# Work instructions:
Give the data below again exactly, and drop each picture from it.

Segment Start: Collected material

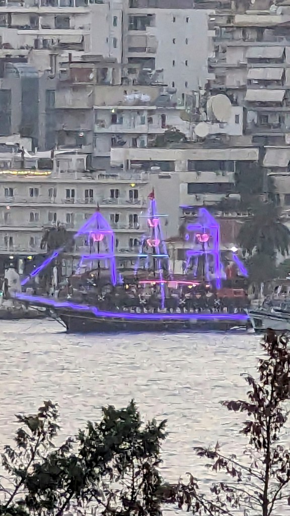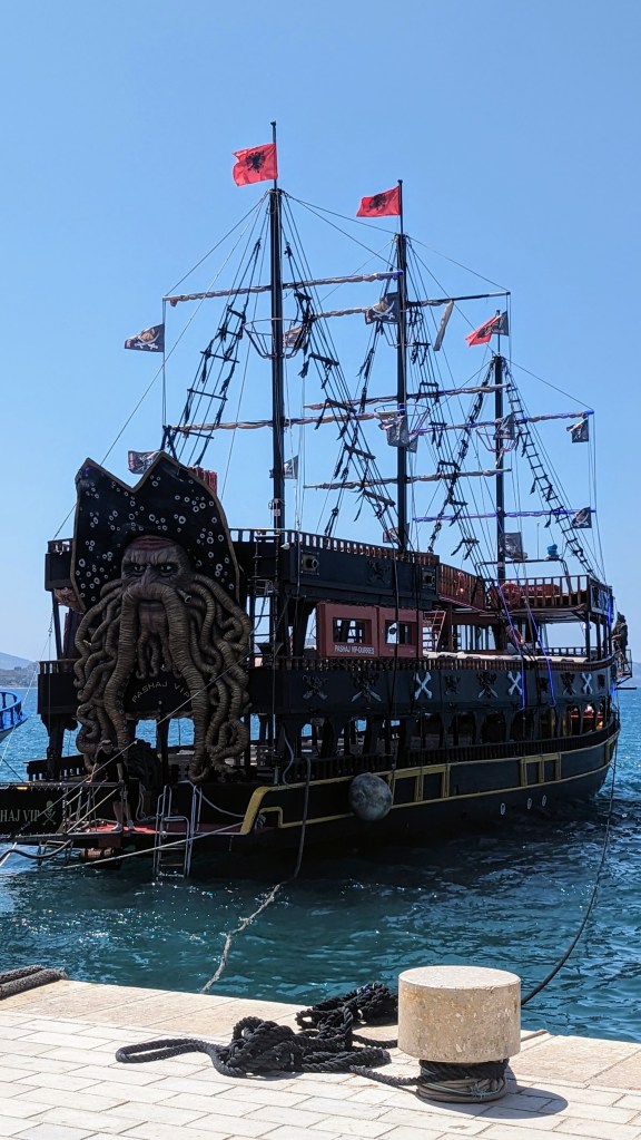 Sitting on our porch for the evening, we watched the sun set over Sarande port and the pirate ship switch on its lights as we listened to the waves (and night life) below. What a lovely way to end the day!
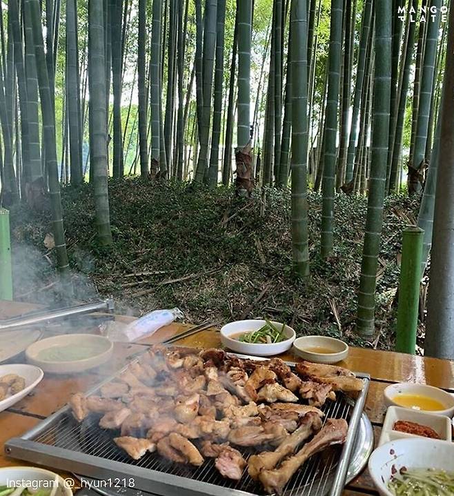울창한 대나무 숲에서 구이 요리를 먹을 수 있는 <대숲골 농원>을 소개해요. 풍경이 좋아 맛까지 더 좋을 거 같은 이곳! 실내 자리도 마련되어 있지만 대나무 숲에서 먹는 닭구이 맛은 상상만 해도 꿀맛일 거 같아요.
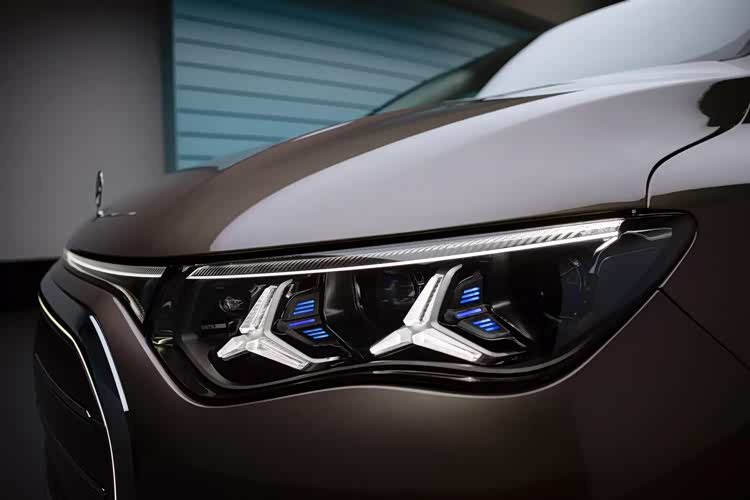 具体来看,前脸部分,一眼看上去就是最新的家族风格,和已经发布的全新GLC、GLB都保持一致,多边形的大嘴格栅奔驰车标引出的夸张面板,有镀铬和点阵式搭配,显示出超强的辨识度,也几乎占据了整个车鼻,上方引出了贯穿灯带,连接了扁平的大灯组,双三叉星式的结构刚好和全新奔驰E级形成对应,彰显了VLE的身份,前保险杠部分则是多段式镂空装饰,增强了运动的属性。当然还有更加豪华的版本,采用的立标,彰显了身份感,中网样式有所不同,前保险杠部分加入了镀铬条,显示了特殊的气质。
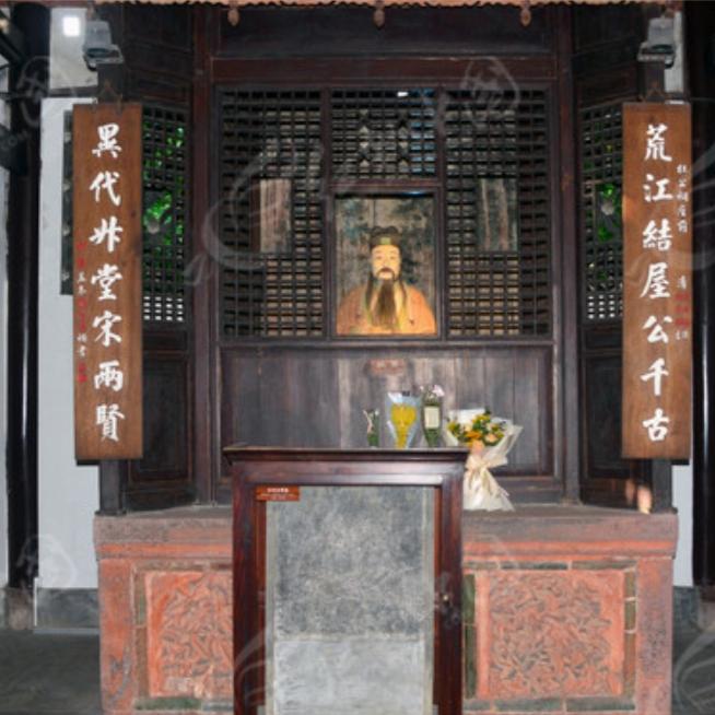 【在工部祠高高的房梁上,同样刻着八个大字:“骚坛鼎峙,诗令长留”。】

Segment End: Collected material

# Worked solution:
 Sitting on our porch for the evening, we watched the sun set over Sarande port and the pirate ship switch on its lights as we listened to the waves (and night life) below. What a lovely way to end the day!
울창한 대나무 숲에서 구이 요리를 먹을 수 있는 <대숲골 농원>을 소개해요. 풍경이 좋아 맛까지 더 좋을 거 같은 이곳! 실내 자리도 마련되어 있지만 대나무 숲에서 먹는 닭구이 맛은 상상만 해도 꿀맛일 거 같아요.
 具体来看,前脸部分,一眼看上去就是最新的家族风格,和已经发布的全新GLC、GLB都保持一致,多边形的大嘴格栅奔驰车标引出的夸张面板,有镀铬和点阵式搭配,显示出超强的辨识度,也几乎占据了整个车鼻,上方引出了贯穿灯带,连接了扁平的大灯组,双三叉星式的结构刚好和全新奔驰E级形成对应,彰显了VLE的身份,前保险杠部分则是多段式镂空装饰,增强了运动的属性。当然还有更加豪华的版本,采用的立标,彰显了身份感,中网样式有所不同,前保险杠部分加入了镀铬条,显示了特殊的气质。
 【在工部祠高高的房梁上,同样刻着八个大字:“骚坛鼎峙,诗令长留”。】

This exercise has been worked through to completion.